Кроме всего прочего дедушка был ещё и заядлым рыбаком, и поход на рыбалку на Варзобское озеро для нас, детей, был верхом наших самых сокровенных желаний. За неделю до предполагаемого похода мы были просто шелковыми, стараясь не нарушать строгие правила, установленные домашними для детей, так как запрет пойти на рыбалку был бы хуже тысячи смертей.
Накануне мы лихорадочно крутились около дедушки, взволнованно расспрашивая его, кто какую удочку возьмет, и затаив дыхание, наблюдали, как дедушка натягивал леску на новый бамбуковый ствол, растапливал над примусом свинец, делая из него грузила и мастерски усаживая его на леску, а также поплавки из бутылочных пробок. Он тщательно проверял прочность и заточенность крючков, а также заготавливал наживку – мякушку белого хлеба, пропитанную анисовыми каплями. Все это заворачивалось в носовой платок, а потом в целофан и в карман рюкзака. Мешки для пойманных рыб сшивались из старых матросских в дырочку маек с продетой и затягивающейся наверху веревкой. И вот все готово – рюкзак плотно упакован, удочки скручены, бабушка уже напекла нам пирожков, сварила яйца, сложены помидоры, огурцы, зелень, хлеб, пожарены котлеты. Надо было ложиться спать, так как подъем был в полшестого утра. Ах, как же трудно было уснуть в ожидании следующего дня! Но усталость и здоровый детский организм делали свое дело.
Утром, только лишь услышав дедушкину поступь в туалет мимо нашей комнаты, мы быстро вскакивали, одевались, брали пустые консервные банки и выходили в палисадник с лопатой копать червей – это ещё одна наживка для рыб. Т.е.кому что понравится: вегетарианцам – хлеб с анисом, остальным – червяка.

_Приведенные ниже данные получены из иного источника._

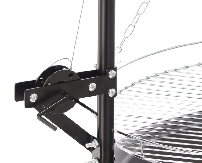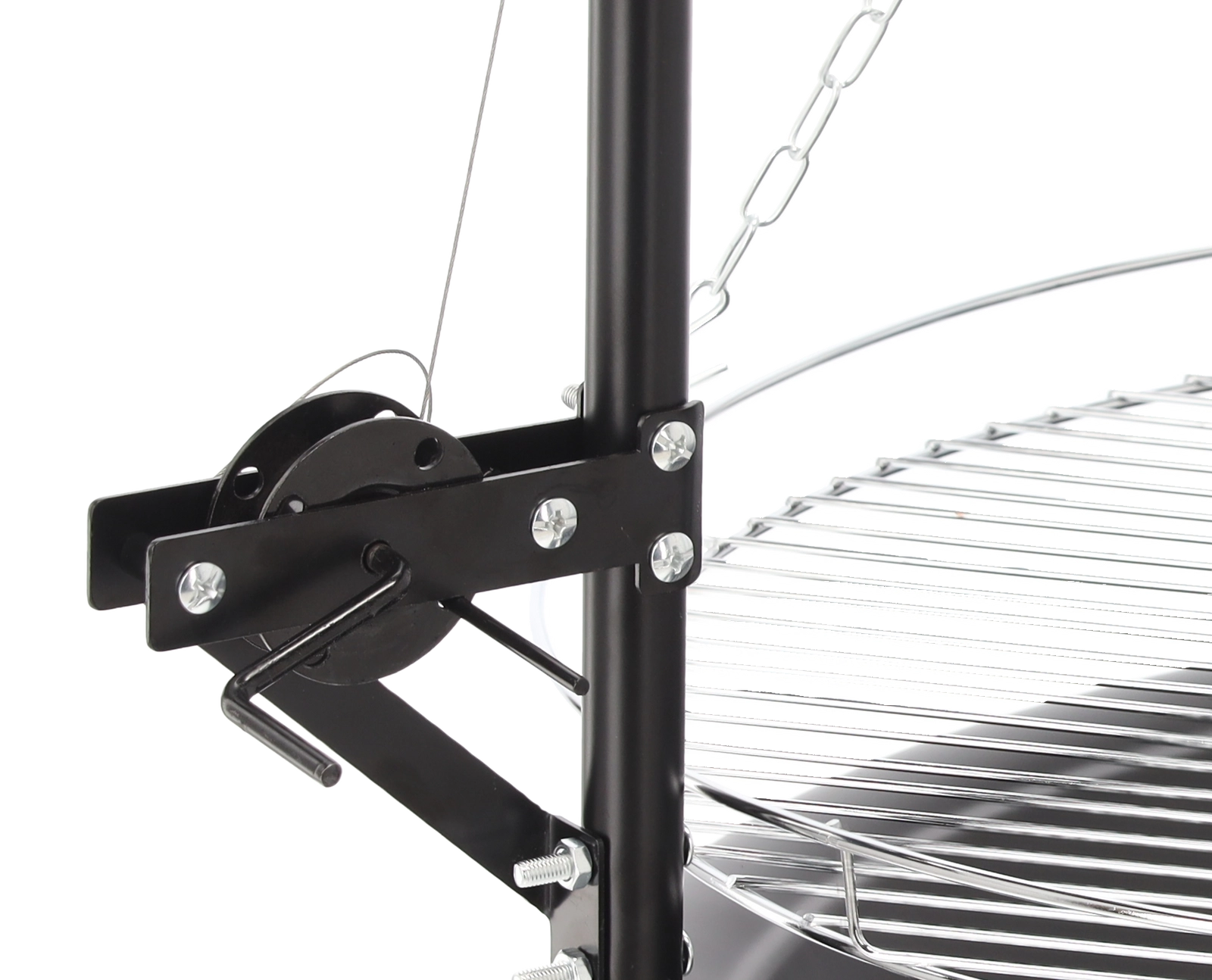 La grille circulaire chromée de 50 cm de diamètre offre suffisamment d’espace pour cuisiner pour toute la famille. La commande simple du levage de la grille (chaînes/manivelle selon la version) permet une cuisson précise sans brûler les aliments. Le design métallique minimaliste s’intègre à tout jardin, chalet ou terrasse.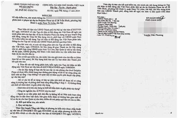 Ngày 06/11/2019, Sở Xây dựng Hà Nội vừa có báo cáo kiểm tra, xác minh thông tin báo chí phản ánh về những vi phạm tại Dự án chung cư cao cấp Dolphin Plaza, 28 Trần Bình (Mỹ Đình, Nam Từ Liêm, TP. Hà Nội) do Công ty Cổ phần TID làm chủ đầu tư (CĐT).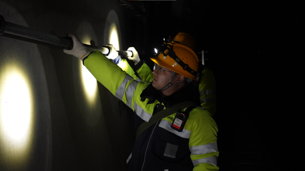 “这是我们的通信漏泄电缆,信号就是通过这些线缆来发送和接收的,就像我们室外的天线。”工长燕政旭一边介绍,一边使用扳手对洞壁上固定线缆的卡具进行细致检查,“气温越低,隧道壁越容易渗水,这些线缆长期处于湿冷环境中,卡具特别容易松动。”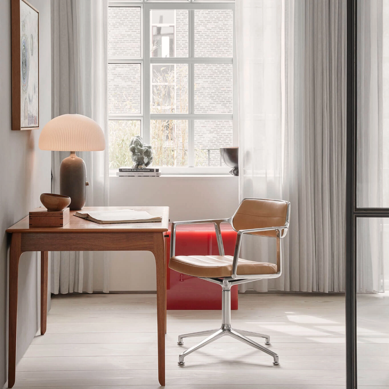 The Swivel Padded Chair 453 by Vipp expands the Swivel series by merging the generously padded seat of the Vipp453+ with the four-legged base of the Vipp452. Designed for both residential and professional settings, this chair strikes the perfect balance between long-lasting comfort, refined lines, and functional design. Its enlarged backrest and extra-padded seat provide optimal ergonomic support, making it ideal for extended hours in meeting rooms or home offices. The fixed four-legged aluminum base offers strong stability while maintaining a light and elegant silhouette. Available in high-end textiles or aniline leather carefully selected by Vipp, the Swivel Padded Chair reflects a commitment to durable and refined design. The noble materials – chrome-free full-grain leather and premium fabrics made of linen and wool – offer not only visual sophistication but also thermal and tactile comfort. “After the launch of the Swivel chair in 2021, I wished for a version that feels like sitting on a cloud,” says Kasper Egelund, CEO and third-generation owner of Vipp. With its timeless design, quality finishes, and clean yet welcoming lines, the Swivel Padded Chair stands out as an elegant solution for those seeking a meeting chair or fixed office seat that blends aesthetics and well-being. Custom upholstery options are available upon request to ensure a perfect fit within any living or work environment.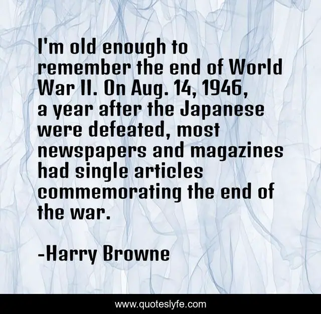 This page presents the quote "I'm old enough to remember the end of World War II. On Aug. 14, 1946, a year after the Japanese were defeated, most newspapers and magazines had single articles commemorating the end of the war.". Author of this quote is Harry Browne. This quote is about world, end, remember,.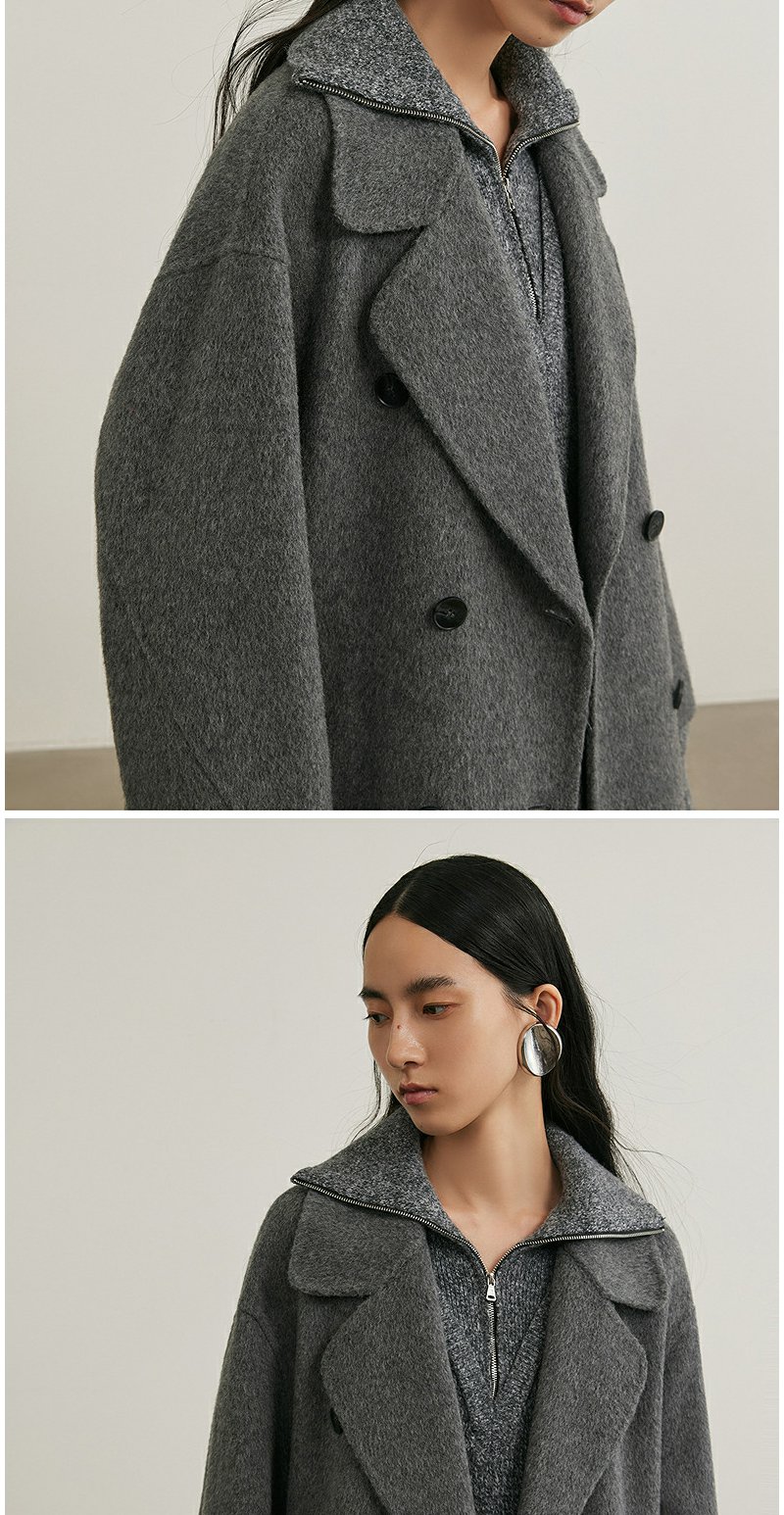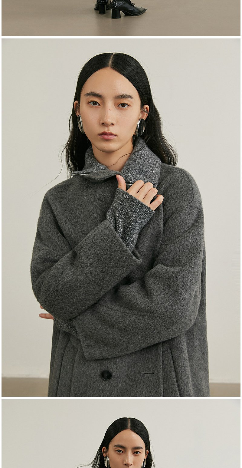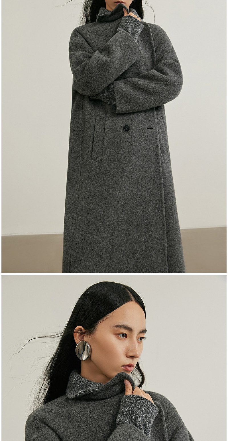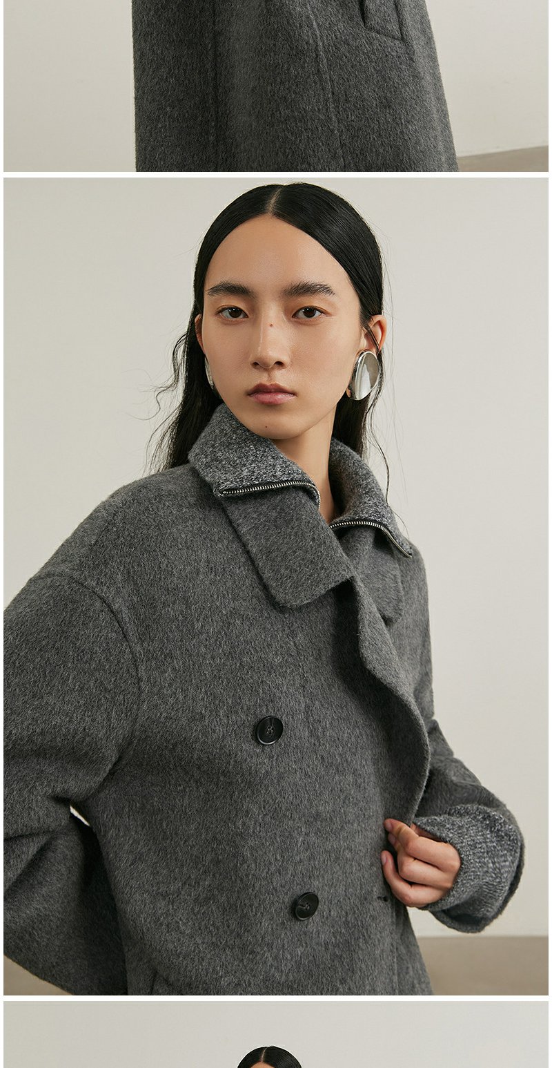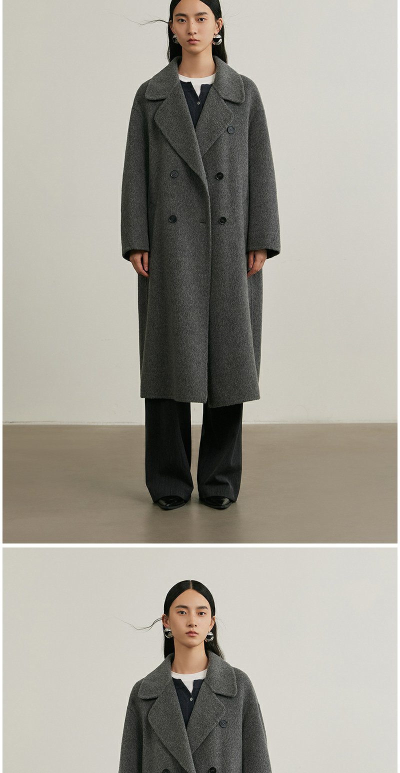 NEELLY纳俪商场同款冬季新款气质版型双层羊毛呢大衣女翻领长外套N24105N01112
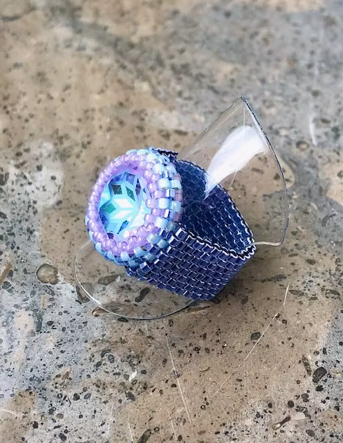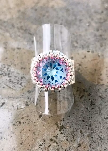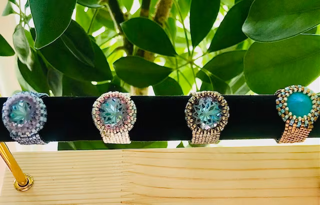 Ringarna består av en glaskristall eller matt skimrande turkos metall och galvaniserat glas i silver, tenn, brons eller glaspärlor i lilablå metallic.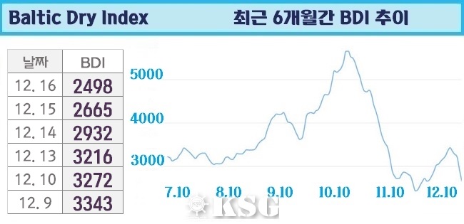 BDI 2498포인트…시황 급락에 따른 우려 고조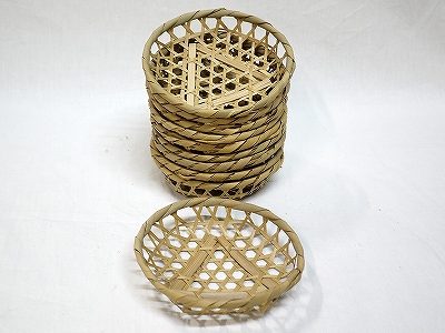 ![]() 白竹 六つ目編 小皿 丸 Φ15×H5 標準価格 提供価格 ¥120 問合せ番号:d171 |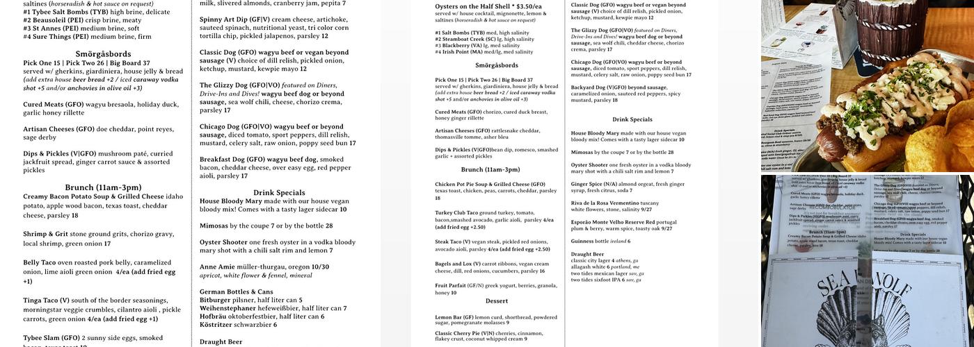 Sea Wolf Tybee offers a unique dining experience with its delightful southern fare and vegan alternatives. The pickled charustic and creative cocktails are standouts, while the "glizzy dog" and other dishes defy expectations. The cozy, lively atmosphere complements the friendly staff and overall exceptional experience. It is a fun place with a great staff and a casual atmosphere, perfect to hang out with friends. One of the favorites is for raw oysters, drinks, and appetizers. The food is good, with tasty Cesar salad and good hot dogs, including a generous vegan hot dog. An amazing floral cocktail can be paired with oysters. The outdoor patio is a fun and relaxed environment, perfect for groups. The location's charming ambiance and attentive staff make Sea Wolf Tybee a great spot for a memorable meal.

Доехав до окраины города, мы садились в районный автобус, и ещё минут 20 ехали до Варзобского озера – излюбленного места отдыха всех душанбинцев. Так как рыбалка обычно проходила по рабочим дням, то мы могли не опасаться огромного стечения народа.
Где-то в 7 или в 8 утра мы были уже на месте. Солнце ещё только встало и отражалось в совершенно неподвижном зеркале озера, окаймленным плакучими ивами и разными кустарниками. Было тихо, безлюдно и сказочно красиво, и очень хотелось, чтобы так и оставалось, но позже к озеру подтягивались отдыхающие, входили в воду, плавали, играли и нарушали его неподвижную гладь. Но время от 7 и где-то до 10-11 утра принадлежало только нам! Мы находили удобное место, раскладывали наше снаряжение, разматывали удочки, насаживали на крючки наживку и занимали удобные позиции на берегу или по колено в воде. Рыбы, наверно, так рано тоже ещё спали, и утром клев был не очень. Ловились маринки, вьюны и какие-то другие маленькие рыбки. Вспоминая сейчас, становится смешно, какое все это было мелкое, но для нас тогда рыбалка была грандиознейшим мероприятием, где размер пойманной рыбы был не самым главным критерием.
Часа через два мы потихоньку уставали и лезли в воду подальше от дедушки, который упорно мог ловить до самого вечера. Иногда ему удавалось поймать особо крупные экземпляры аж сантиметров 15 длиной, что вызывало у нас долгий и бурный восторг и ажиотаж, и мы снова хватались за удочки.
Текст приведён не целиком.